From my limited knowledge on the subject (talks with people from the area/neighbouring counry and books), it is rather clear that the genocide was 'tribal'. It was at least made to look that way.
As history would have it, the Bantu people (see: Ba-Hutu) were the majority for a good while in the area we today call Burundi and Rwanda. There were other groups there who also belong to Bantu group, but they were minorities in that area. At some point, another Bantu group people (see: Ba-Tutsi, who some claim were at one point Nilotic prior to integraton, modern science refutes this) entered the fray and brought with them the pastoral/cattle rearing lifestyle.
This lifestyle gave them an unprecedented access to power, (they would sell cattle, negotiate loans etc), financially and what-not. Thus began the fight for power, largely non-violent I assume. The ba-Hutu majority were mostly agricultural, so apparently they had less leverage.
Around this point, when the ba-Tutsi had the upper hand in terms of finance (as far as I can remember, there were minimal conflicts and it was just co-existence, but I am not ruling out that some Hutus and Tutsi were p_issed o_ff at each other for whatever reasons), the white man comes along. From there, it's a short tale.
White man and his primitive/corrupted/manipulative mind instantly saw the ba-Tutsi, who some claim are lighter in complexion and have features that are akin to the european (not by a long shot, seriously) and decided they were more 'elegant, graceful and intelligent' (likely based on their financial upper hand, you know how crackuhz do) and therefore superior in every way to the primitive ba-Hutu.
Soon, the ba-Hutu were seen as docile and subservient, very dumb and not capable of civilization (typical Afrikan, says the white man). Although this is not documented, we can guess that the whites favored the ba-Tutsi (quicker to assimilate white values? see: Igbo) and played on whatever schism was there from before. Tutsis became arrogant, Hutus became angry.

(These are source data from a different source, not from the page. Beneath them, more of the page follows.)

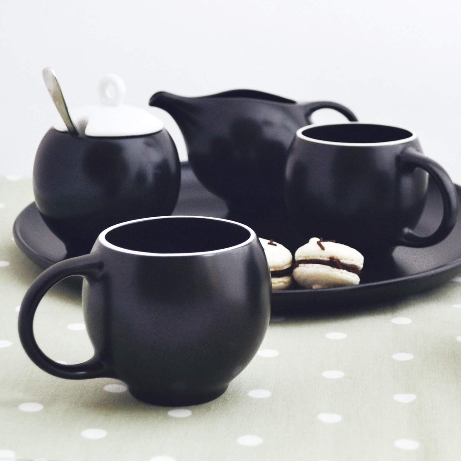 Inspired by the ceramics of Eva Zeisel, the EVA teaset embodies her design philosophy of attracting the hand as well as the eye. Simple, elegant and delightful to handle, the Eva teaset won the 2014 Golden A’ Design Award for Tableware. Available in a black matte stoneware with white lids. The pitcher pours perfectly and can also be used for sauces. The bowl can be used with grains or cubes of sugar. milk pitcher: 15 x 9 x 9 cm. (200 ml.) sugar bowl: 9 x 9 x 11 cm. (200 ml.) (Also available in glossy white porcelain with a silver plate ring on sugar bowl lid.)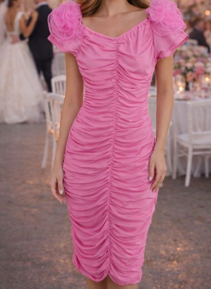 Robe fleur rose ref cart27, en polyester élasthanne, doublée, manches courtes avec fleur de chaque coté. (Elles peuvent s'enlever facilement). Smockée sur les cotés. Milieu du dos jusqu'en bas : 74 cm, neuve, arrière identique à l'avant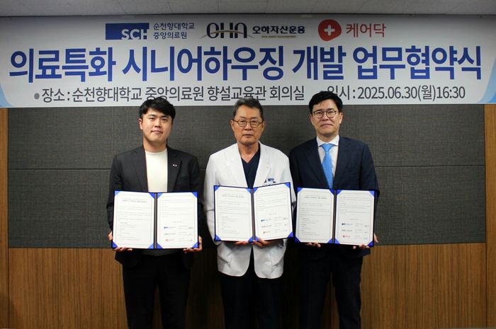 시니어 하우징은 고령자들을 위한 주거, 돌봄, 커뮤니티 기능을 종합적으로 갖춘 맞춤형 주거 형태다. 이날 협약식에는 이승후 오하자산운용 대표와 박재병 케어닥 대표, 서유성 순천향대학교 중앙의료원장을 포함한 주요 관계자가 참석했다.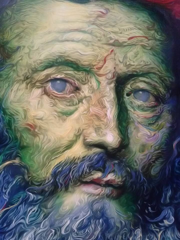 Distorsiona, estira, tira, da vuelta la imagen y cambia el color, generalmente basándose en otras imágenes encontradas, así como en la configuración del fondo.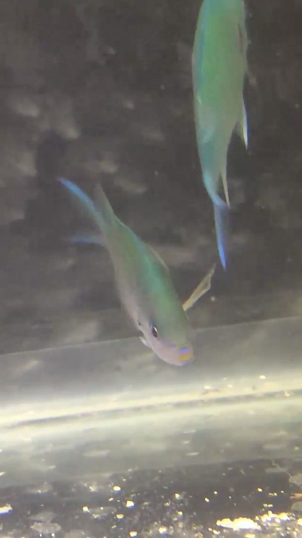 On saturday I recieved an order of black axial chromis from LA. They came and I acclimated them and placed them in their QT. Yesterday when the lights came on I inspected them for the first time real good. What I found was not good. All 6 of them have large missing patches of their colorful scales (and no it's not otics with the light). I'm talking patches larger than a quarter and the fish are only 1.5-2 inches long. It looks as though they were ripping eachother apart in their old tank. I went to feed them some mysis soaked in garlic and all but one ate. The one that is not eating is the wose though he is still hanging with the others. He has the largest patch and last night it appeared to have white fungus growing on it. Therefore, I dosed Triple Sulfa and stree guard. This morning I got up and did a bref look before runing to school. Now getting home the worse one seems to have gotten rid of the cottony looking fuzz but still has some issues. I dosed the tnk again ith triple sulfa and this time also added a packet of E.M. Erythromycin. I feed again some cyclopeze soaked in selcon. The same fish didn't eat again. I will try again in 3 hours with some mysis. The pectoral fish on the side with the sore seems almost paralysied with only slight movements. It also apears to have some damage to it though it doesn't seems to impare it's swiming ability.

Shortly thereafter, whites would leave the land, and also leave the Tutsis in power. Important to note here is how the colonizers/whites had forced their own laws and policies on the countries they colonized, so that despite ancestral and historical land ownership, Tutsis, who were now majority in the government (despite being the overall minority), therefore could use the laws and politics of the whites to justify suddenly getting the best land (top soil etc) and also having the power to -lend- land to Hutus who needed work.
Hutus were also, as the story goes, mostly seen as slaves/inferior or something like that (class issue) and were kept as maids, servants etc. While ba-Tutsi were in positions of power, again, due to the white man appointing them.
Naturally, this bred hostility and soon the killings began. Today, both sides blame each other (because Hutus killed more Tutsis in one country, and Tutsis killed more Hutus in the other).
That is a brief, inaccurate and general account of the genocide in Burundi and Rwanda (same ethnic groups, only difference is that in one country the Hutu is the majority, and in the other the Tutsi is).
Might a Brother ask what led you to ask this question?
Also, I can recommend some books on the subject if you are interested. White written though.